Come ci ha ricordato il testo della prima lettera di Paolo a Timoteo (1Tm 6,2c-12), è la fedeltà al dono ricevuto dall’alto a rendere il testimone capace di perdere tutto, perfino la vita, pur di restare unito al Cristo Signore, confessandolo con l’eloquenza suprema del martirio. Restare fedeli al Dio vivente è il vero, grande guadagno, a cui nessuno dei beni o dei piaceri terreni può essere comparato: chi lo ha compreso antepone a tutto “la giustizia, la pietà, la fede, la carità, la pazienza, la mitezza” e non esita a combattere la buona battaglia della fede, proteso alla vita che vince la morte, su cui si misurano le scelte fondamentali dell’esistenza. La tenacia del testimone consiste precisamente nella sua capacità di non cedere alle lusinghe dell’Avversario, avendo sempre al centro del suo cuore il Signore Gesù, cui ha consegnato totalmente sé stesso e di cui attende il ritorno nella gloria, animato dalla speranza più forte della morte stessa. È questo esempio di fedeltà, di tenacia e di speranza che si offre come messaggio eloquente alla città dell’Aquila, così profondamente ferita dal terremoto del 2009: nella stragrande maggioranza dei suoi abitanti, essa ha dato una prova straordinaria di resilienza e di sopportazione, affrontando e accettando ogni genere di sacrifici, pur di veder rinascere le case, le chiese, i luoghi di lavoro e di studio, e rifiorire la vita pulsante, che ne ha percorso la storia e vuole continuare a percorrerla. Con ammirazione e rispetto, alla comunità aquilana e in particolare al popolo di Dio che in essa e con essa ha attraversato e continua ad attraversare la dolorosa prova del sisma con fierezza e tenacia, va la riconoscenza di tutti gli abruzzesi, della Chiesa e dell’intera nazione italiana. L’Aquila ferita, ma non piegata, rinasce per volare alto, persino più forte e più bella di prima!

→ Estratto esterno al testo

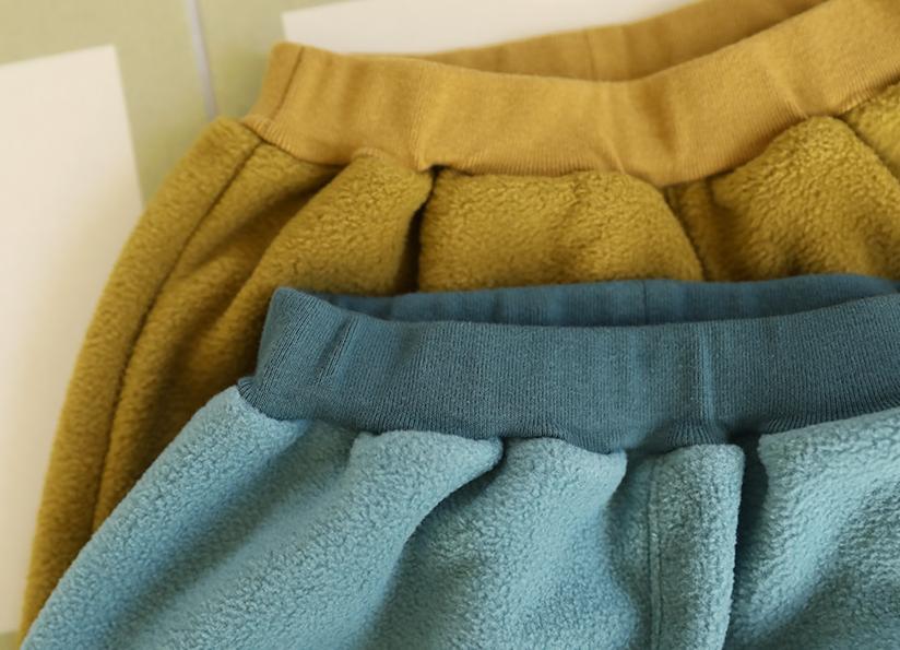 手触りの良いポーラフリース素材を使用し快適なはき心地とあたたかさを両立させました。 裾は伸縮性のある素材でバインディング仕上げにしており、動きやすく快適です。
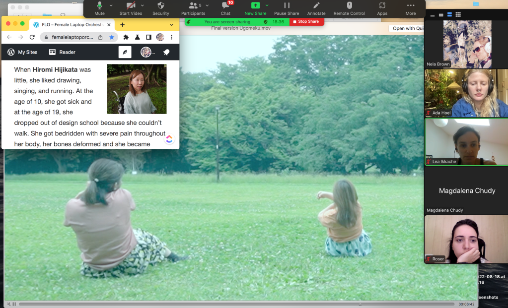 As in the ‘pre-pandemic’ times, some of the FLO peeps were able to travel to Berlin to do tech set-up and performance in front of the audience (Nela flew in from Zadar, Ada from Oslo, Roser from Valencia whilst Magda took the train from Warsaw), whilst some joined remotely (Maria from Palermo, Italy and Léa from Poitiers, France).
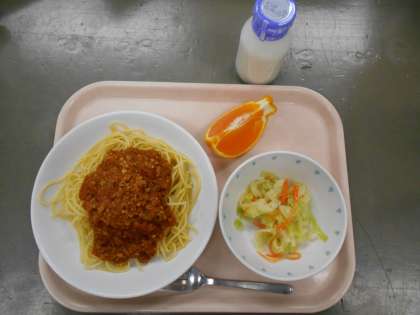 献立 スパゲティビーンズミートソース 茹でキャベツと人参のドレッシングソース デコポン 牛乳
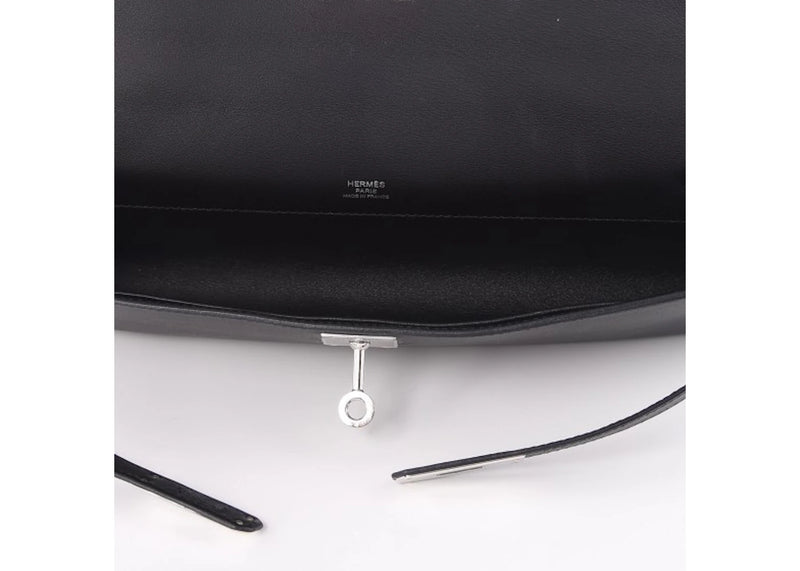 The Hermes Kelly Cut Pochette Swift Palladium Black is now available at Side Kicks!
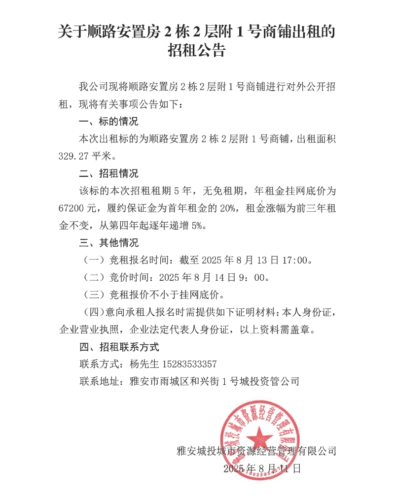關于順路安置房2棟2層附1號商鋪出租的招租公告
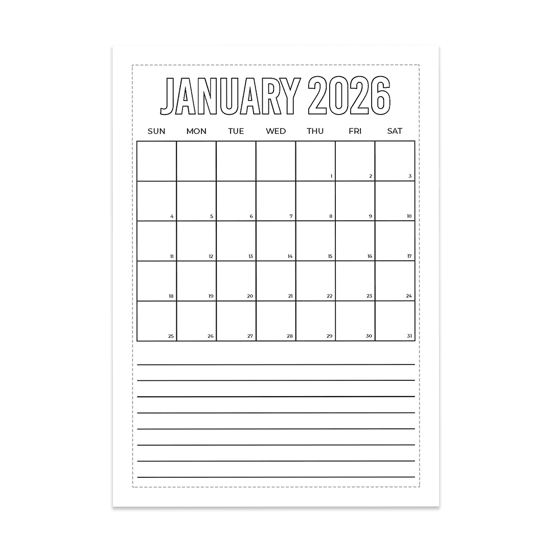 Beneath the calendar is a generous lined section, perfect for notes, priorities, reminders, or monthly highlights. The simple black-and-white design keeps things flexible and uncluttered, making this single-page layout a great foundation for both functional planning and creative spreads.
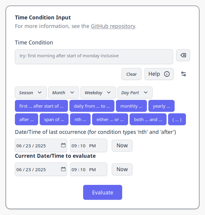 This post introduces timecond, a TypeScript library I created to represent, evaluate, and describe complex conditions on time ranges. The support for time ranges is what makes it different from many other popular time scheduling libraries that focus on events (points in time).

Tutto questo, però, non sta avvenendo né potrà compiersi fino in fondo senza il sostegno di altri, a cominciare da quell’aiuto dall’alto, di cui ci parla oggi il Salmo responsoriale: “Certo, l’uomo non può riscattare sé stesso né pagare a Dio il proprio prezzo. Troppo caro sarebbe il riscatto di una vita: non sarà mai sufficiente per vivere senza fine…”. Ed è certo che il Signore non fa mancare la Sua vicinanza e la Sua forza ai piccoli che confidano in Lui, come ci ha ricordato il versetto cantato con l’Alleluia: “Ti rendo lode, Signore del cielo e della terra, perché ai piccoli hai rivelato i misteri del Regno”. All’aiuto dall’alto deve però unirsi quello fattivo che ognuno di noi può dare e quello che lo Stato non può far mancare: è l’aiuto concreto che, secondo la testimonianza del Vangelo oggi proclamato (Lc 8,1-3), Gesù riceve dai Dodici e da alcune donne che erano state guarite da Lui. Esse servivano il Signore e gli Apostoli con i loro beni: quale esempio di luce ci danno queste donne del vangelo, di cui Luca riporta giustamente i nomi! E come la loro azione, sollecita e continua, è purtroppo diversa da quella dei tanti – istituzioni, autorità politiche, forze imprenditoriali – che tollerano ancora tanta lentezza nella ricostruzione e nella rinascita di questa meravigliosa Città! L’esempio di queste donne sia per tutti un monito: L’Aquila non può attendere ulteriormente. Se molto è stato fatto, molto, anzi troppo, resta ancora da fare. Ne è simbolo eloquente la Cattedrale dei santi Massimo e Giorgio, ancora sventrata ed esposta a ogni intemperia! Giustamente, il caro Arcivescovo, il Card. Giuseppe Petrocchi, non vuole ritornare nell’episcopio restaurato fino a che il Signore Gesù non potrà ritornare sotto i segni eucaristici nel tabernacolo della Chiesa madre di tutte le Chiese della diocesi. A Lui – di cui tra l’altro ricorre oggi l’anniversario dell’ordinazione – con l’augurio e l’assicurazione della preghiera, va l’ammirazione e l’affetto di tutti noi. Possa quanto prima la celebrazione della divina liturgia nella Chiesa Cattedrale essere il segno forte che l’Aquila tutta è risorta, aperta a nuovo, luminoso e fecondo futuro. Ce lo auguriamo e lo chiediamo al Signore pregando così:
Signore Gesù Cristo,
i Santi Martiri coreani
di cui oggi facciamo memoria,
hanno condiviso la Tua passione
per amore dei fratelli
e, risorti con Te risorto,
intercedono ora dal cielo
per chiunque viva le prove e i dolori
della fragile esistenza che ci è data.
Possa anche il loro sacrificio
ottenere resurrezione e vita nuova
alla comunità tutta de L’Aquila,
città profondamente ferita dal sisma
e tuttavia mai piegata,
popolo fedele, tenace
e dallo sguardo d’aquila,
proteso verso un futuro
di vita piena, giusta e bella
secondo la Tua volontà.
Te lo chiediamo per intercessione
di Maria, regina e madre di questo popolo,
dei Santi patroni e di tutti i Santi.
Tu, che con Dio Padre vivi e regni,
nell’unità dello Spirito Santo,
per tutti i secoli dei secoli. Amen”.